Richard Feldman (Jul 31 2024 at 01:30): Richard Feldman (Jul 31 2024 at 01:30):Brendan Hansknecht said:
Personally, if a user opts into it, I would prefer to just allow roc to load a shared library as a platform extension.
some random thoughts on this topic
Richard Feldman (Jul 31 2024 at 01:32):supposing I'm an application author and I want to use BLAS/LAPACK, or sqlite, or something like that in my CLI app or web server...it seems fine for me to be able to say "hey I'm going to opt into bringing this into my code base, even though it's not coming from the platform and could potentially have security problems etc"

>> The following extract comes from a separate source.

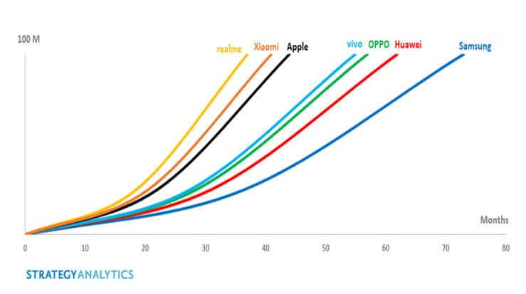 realme ประสบความสำเร็จในเวลาเพียง 3 ปี หลังก่อตั้งบริษัทฯ ขึ้นแท่นผู้นำแบรนด์สมาร์ทโฟนที่เติบโตในไตรมาสที่ 2 ด้วยอัตราการเติบโต 149% มียอดขาย 100 ล้านเครื่องทั่วโลกได้เร็วที่สุด

Richard Feldman (Jul 31 2024 at 01:34):and really, at that point, if I'm just sort of trusting the dependency to "follow the rules" regarding memory (e.g. no copying like we talked about in #ideas > wasm Task-based ffi?) then I guess it's about the same to allow pure functions in FFI
Richard Feldman (Jul 31 2024 at 01:35):in the sense that if I'm trusting this third-party code to run unrestricted in my own process, and then trusting the pointers it gives back, the consequences of what can go wrong are essentially unlimited, so "it said it was pure but it actually wasn't" is kind of a drop in the bucket at that point
Richard Feldman (Jul 31 2024 at 01:38):obviously for something like this, platforms would have to be able to say that this sort of thing is or isn't allowed, e.g. so that safe-script can actually continue to be safe :stuck_out_tongue:
Richard Feldman (Jul 31 2024 at 01:38):and plugins and wasm can still work, etc. etc.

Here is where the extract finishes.